Bernd Neuendorf e Hans-Joachim Watzke, presidente e vice-presidente da DFB, respetivamente, vão viajar para Nova Iorque durante este fim de semana para fechar o acordo com o técnico de 59 anos. 

IMBRÓGLIO RED BULL PRESTES A SER RESOLVIDO 

O facto de Jurgen Klopp estar contratualmente ligado à Red Bull estava a representar um obstáculo para que o negócio se realizasse, uma vez que a Federação germânica não queria realizar qualquer tipo de pagamento. 

As partes encontraram, de acordo com o BILD, uma solução, que passa pela permanência de Klopp como embaixador da Red Bull, deixando o cargo de dirigente que até agora exercia. 
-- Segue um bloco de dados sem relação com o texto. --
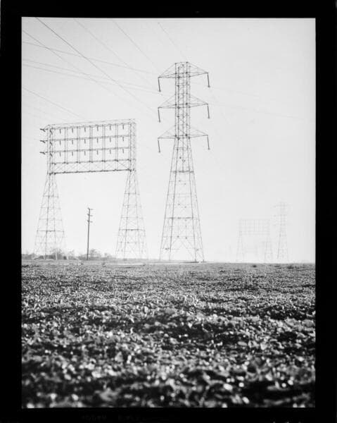 Transmission Lines, including Brea Camp on the Lighthipe-Chino 66kV transmission line, mess hall, kitchen, hospital tent; Long Beach-Lighthipe-Laguna Bell transmission line, including multi-circuit tower construction, driving piles for tower foundations, collapsed Long Beach transmission line tower; Vincent 220kV transmission line, including road building, Construction Camps 2, 3, 6, 8, 9, and 10, Camp 6 kitchen and mess hall, Maple Canyon, Big Tujunga, transporting tower materials, tractors pulling graders, pack trains, building towers, pulling cable, cable splicing.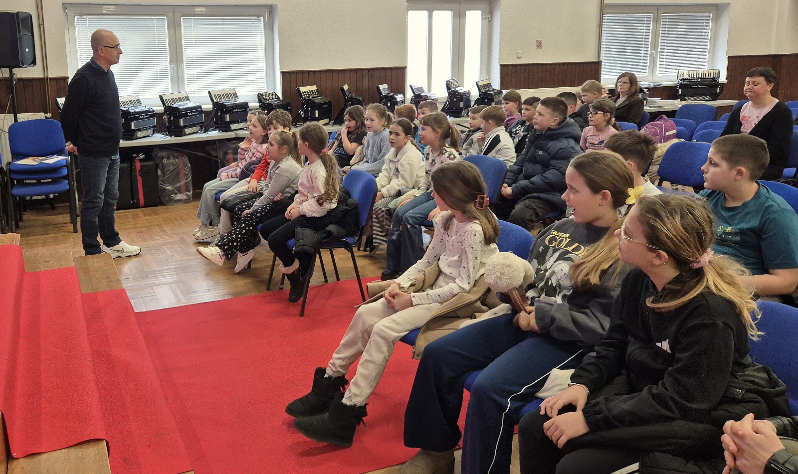 Prezentaciji su nazočili i učenici osnovne škole Mičevec sa svojim nastavnicama, gdje su imali prilike upoznati se s povijesti nastanka harmonike, dolaskom harmonike na prostore Republike Hrvatske, kao i zastupljenosti harmonike u folkloru Lijepe Naše.

Klopp está, assim, prestes a concretizar o sonho de chegar à seleção do seu país, depois de ter passado por Borussia Dortmund, Mainz e Liverpool.

CRÍTICAS APÓS A ELIMINAÇÃO

A surpreendente eliminação da Alemanha nos 16 avos-de-final do Mundial 2026, aos pés do Paraguai, deixou o mundo em choque e depressa se percebeu que dificilmente Nagelsmann resistiria ao cargo de seleccionador. 

Jurgen Klopp foi uma das vozes mais críticas do sucedido, pese embora sem visar o seu antecessor, pedindo também uma mudança no futebol de formação alemão. 

“Existem 500 mil maneiras de ganhar um jogo de futebol, só precisas de encontrar uma. O sonho foi destruído. Isto é dramático. Não jogámos bem”, começou por analisar Klopp, citado pela SPORT1, prosseguindo com mais comentários. 

“É preciso atacar pelas laterais. Não há outra alternativa. Todos sabemos o quão bem os rapazes podem jogar, mas eles não mostraram isso dentro de campo. Dentro de pouco tempo estaremos, uma vez mais, a falar maravilhas de Wirtz e Musiala e de como eles são fantásticos. Mas não agora”, vincou o antigo treinador do Liverpool.

Questionado sobre o futuro, na mesma ocasião, Klopp deixou a porta aberta à seleção, mas não se alongou em comentários. 

“Ainda não pensei sobre isso. Já estive nessa situação muitas vezes como treinador, em que um grande sonho foi destruído. Percebo que, quando se fala num novo treinador para selecção, o meu nome seja mencionado, mas não é o momento certo para falar sobre isso”, disse. 

Refira-se que a Alemanha voltou a falhar nos Mundiais, depois de ter vencido a edição de 2014. Em 2018, não passou da fase de grupos, algo que se repetiu em 2022. Quatro anos depois, os germânicos qualificaram-se para a fase a eliminar, com duas vitórias e uma derrota na fase de grupos, mas não foram além dos 16avos de final.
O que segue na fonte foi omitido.